What to produce
Although pictures appear in the records, the copy must leave them out and match everything else exactly.

Material provided
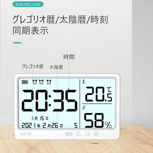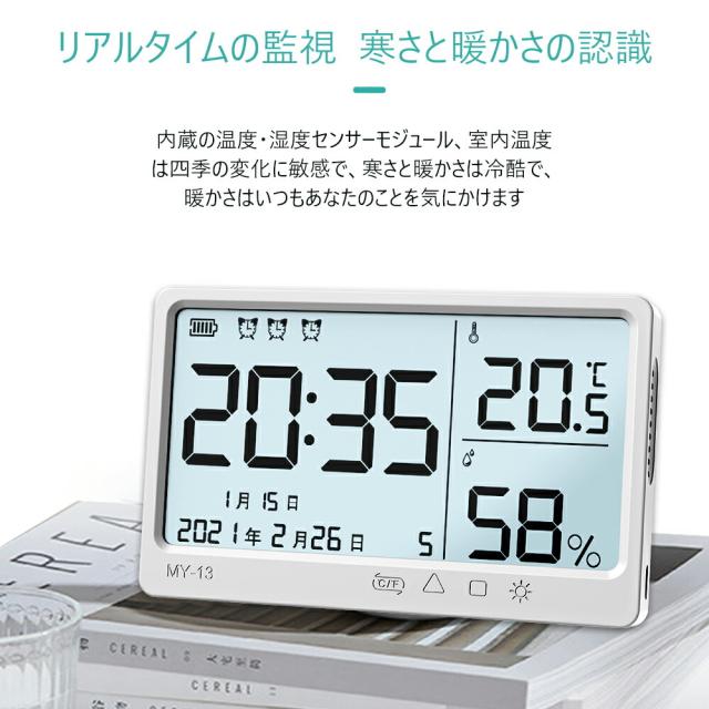 デジタル湿度計 デジタル時計 温度計室内室外温湿度計
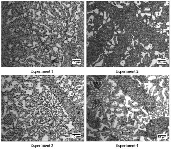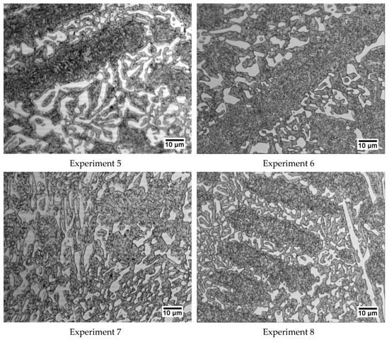 The effect of a factor is measured as the consequence of its variation on a certain microstructural feature of the material. This type of effect is called a main effect. The effect of one factor may possibly depend on the value that another takes. When this occurs, these factors are said to interact. The influence of the main effects is greater than that of the 2-factor interactions. In turn, the influence of the 2-factor interactions is greater than that of the 3-factor interactions, and so on successively. In practical terms, it is sufficient to consider only the main effects and the 2-factor interactions, which allows the number of experiments to be reduced []. In this study, the effect of 5 factors performing 8 experiments has been analysed. If the aim were to analyse all the possible interactions with these 5 factors, it would be necessary to perform 32 experiments (25 = 32). However, in this case, only 8 effects (25−2) have been estimated, which therefore means a 1/4 (32/4 = 8) fractional factorial design. Table 2 shows the array of experiments. Columns D and E have been respectively constructed from the product of columns A × B and A × C []. The “Confounding Pattern” column indicates only the main effects and those 2-factor interactions whose effects are confounded with the main effects.
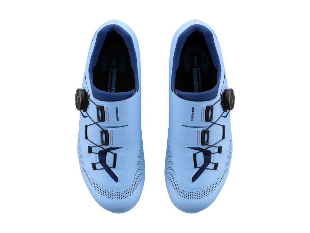 Vysokovýkonné dámske cestné cyklistické tretry za skvelú cenu so špičkovou pretekárskou technológiou. Priedušný a ľahký zvršok poskytuje celkové pohodlie a vynikajúce prispôsobenie, zatiaľ čo medzipodrážka vystužená karbónom dodáva tuhosť a stabilitu, ktorú by ste očakávali od špičkovej cyklistickej topánky. Systém BOA® s kolieskom L6C a systémom šnurovania vyvinutým spoločnosťou SHIMANO. Medzipodrážka z nylonu vystuženého karbónovými vláknami pre vynikajúci prenos sily. Integrovaná bezšvová medzipodrážka a konštrukcia zvršku poskytuje vynikajúce prispôsobenie a stabilitu. Špička a medzipodrážka sú vyrobené z 23 % (hmotnostne) recyklovaného materiálu. Kompaktný perforovaný zvršok zo syntetickej kože s novým systémom zapínania. Špeciálny dámsky tvar kopyta pre maximálne pohodlie. Kompatibilné so zarážkami SPD-SL. Hmotnosť od 508g (č.43). Odporúčame odmerať chodidlo a objednať veľkosť podľa veľkostnej tabuľky - zväčša je potrebné objednať o číslo väčšiu veľkosť než štandardne nosíte.
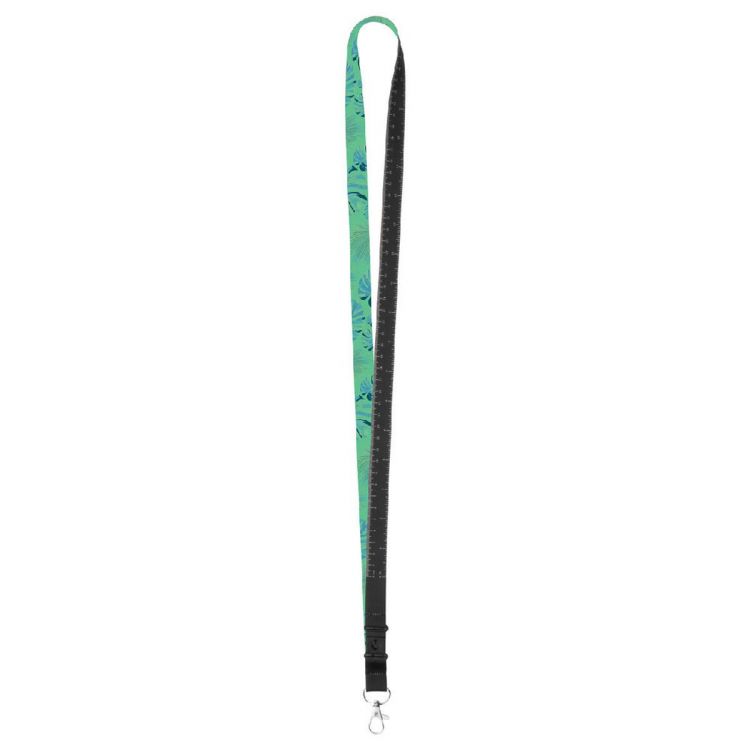 Cordón de poliéster personalizado de 15 mm de ancho con cinta métrica de 100 cm y mosquetón metálico. Con gráficos impresos por sublimación en una cara. Cantidad mínima: 100 unidades
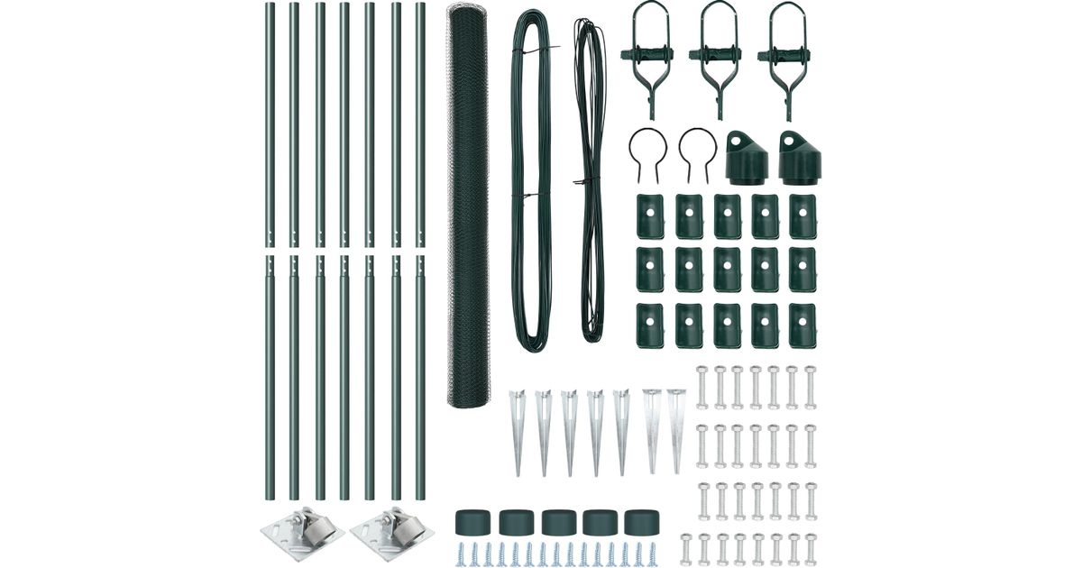 vidaXL Kuusnurkne Aia Roheline 1,6x10 m Teras, vidaXL Aiapostid naeltega 7 tk. 32 mm 180 cm tsingitud teras - Aiad - Aiadekoratsioonid - Vaba aeg - Aed ja terrass - MT Shop
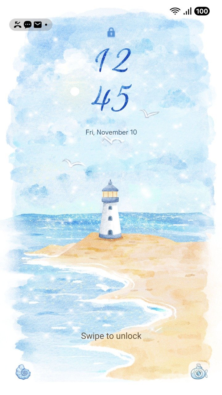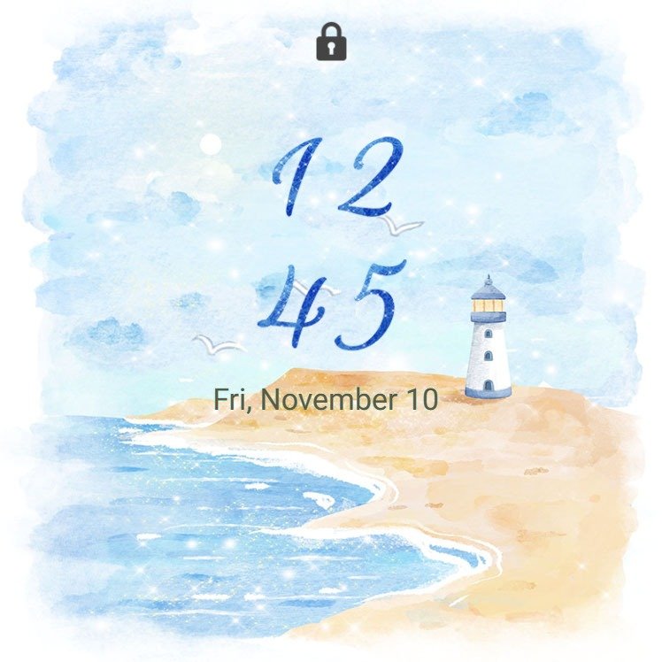 Samsung Themes: ❤️Mun❤️ Dreamy Lighthouse Coast ~❤️ Premium Theme serene watercolor lighthouse by the sparkling blue sea
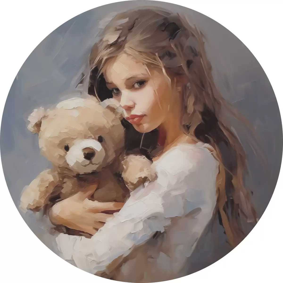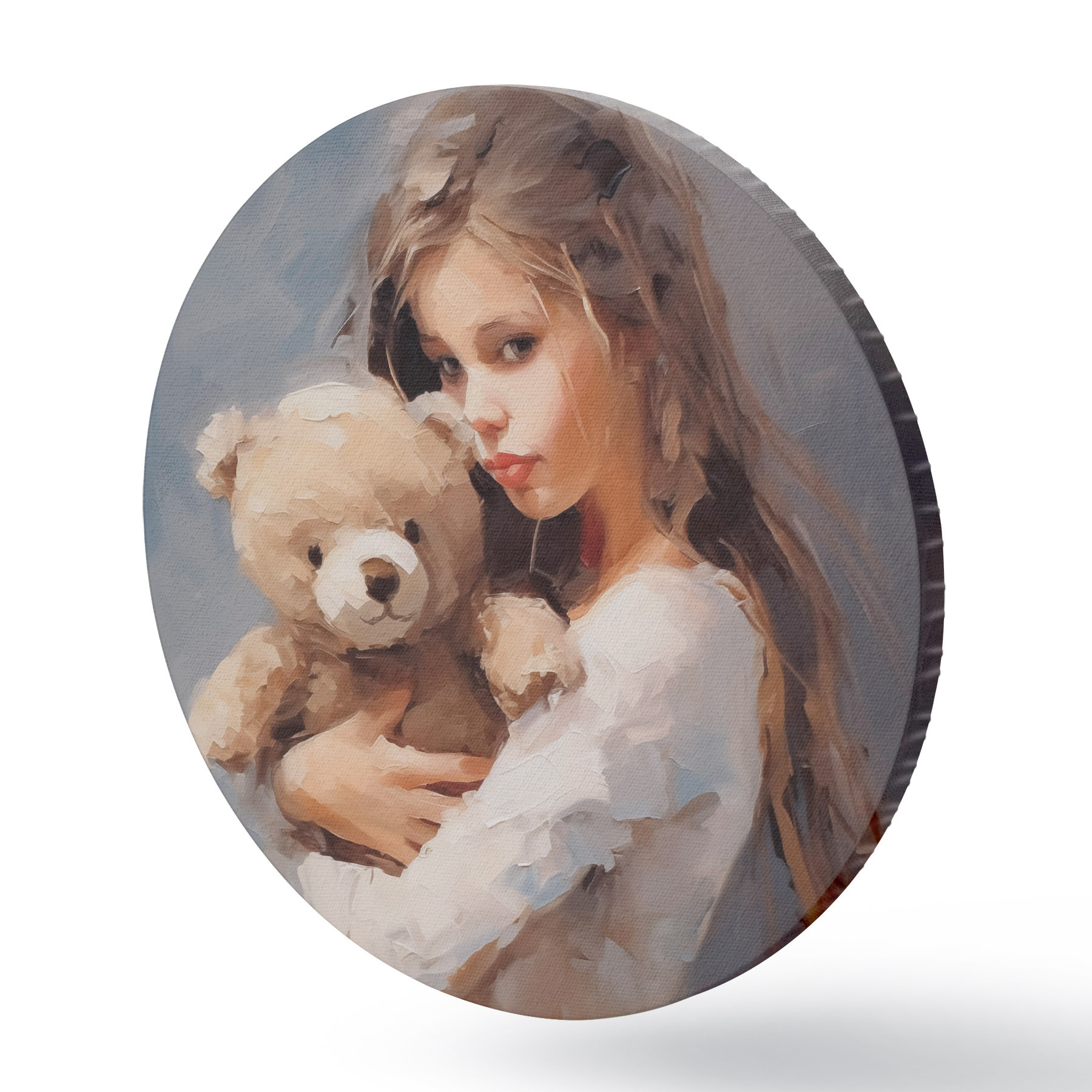 Tableaux ronds Fille avec un ours en peluche, imitation de peinture r46746

The completed task
 デジタル湿度計 デジタル時計 温度計室内室外温湿度計
 The effect of a factor is measured as the consequence of its variation on a certain microstructural feature of the material. This type of effect is called a main effect. The effect of one factor may possibly depend on the value that another takes. When this occurs, these factors are said to interact. The influence of the main effects is greater than that of the 2-factor interactions. In turn, the influence of the 2-factor interactions is greater than that of the 3-factor interactions, and so on successively. In practical terms, it is sufficient to consider only the main effects and the 2-factor interactions, which allows the number of experiments to be reduced []. In this study, the effect of 5 factors performing 8 experiments has been analysed. If the aim were to analyse all the possible interactions with these 5 factors, it would be necessary to perform 32 experiments (25 = 32). However, in this case, only 8 effects (25−2) have been estimated, which therefore means a 1/4 (32/4 = 8) fractional factorial design. Table 2 shows the array of experiments. Columns D and E have been respectively constructed from the product of columns A × B and A × C []. The “Confounding Pattern” column indicates only the main effects and those 2-factor interactions whose effects are confounded with the main effects.
 Vysokovýkonné dámske cestné cyklistické tretry za skvelú cenu so špičkovou pretekárskou technológiou. Priedušný a ľahký zvršok poskytuje celkové pohodlie a vynikajúce prispôsobenie, zatiaľ čo medzipodrážka vystužená karbónom dodáva tuhosť a stabilitu, ktorú by ste očakávali od špičkovej cyklistickej topánky. Systém BOA® s kolieskom L6C a systémom šnurovania vyvinutým spoločnosťou SHIMANO. Medzipodrážka z nylonu vystuženého karbónovými vláknami pre vynikajúci prenos sily. Integrovaná bezšvová medzipodrážka a konštrukcia zvršku poskytuje vynikajúce prispôsobenie a stabilitu. Špička a medzipodrážka sú vyrobené z 23 % (hmotnostne) recyklovaného materiálu. Kompaktný perforovaný zvršok zo syntetickej kože s novým systémom zapínania. Špeciálny dámsky tvar kopyta pre maximálne pohodlie. Kompatibilné so zarážkami SPD-SL. Hmotnosť od 508g (č.43). Odporúčame odmerať chodidlo a objednať veľkosť podľa veľkostnej tabuľky - zväčša je potrebné objednať o číslo väčšiu veľkosť než štandardne nosíte.
 Cordón de poliéster personalizado de 15 mm de ancho con cinta métrica de 100 cm y mosquetón metálico. Con gráficos impresos por sublimación en una cara. Cantidad mínima: 100 unidades
 vidaXL Kuusnurkne Aia Roheline 1,6x10 m Teras, vidaXL Aiapostid naeltega 7 tk. 32 mm 180 cm tsingitud teras - Aiad - Aiadekoratsioonid - Vaba aeg - Aed ja terrass - MT Shop
 Samsung Themes: ❤️Mun❤️ Dreamy Lighthouse Coast ~❤️ Premium Theme serene watercolor lighthouse by the sparkling blue sea
 Tableaux ronds Fille avec un ours en peluche, imitation de peinture r46746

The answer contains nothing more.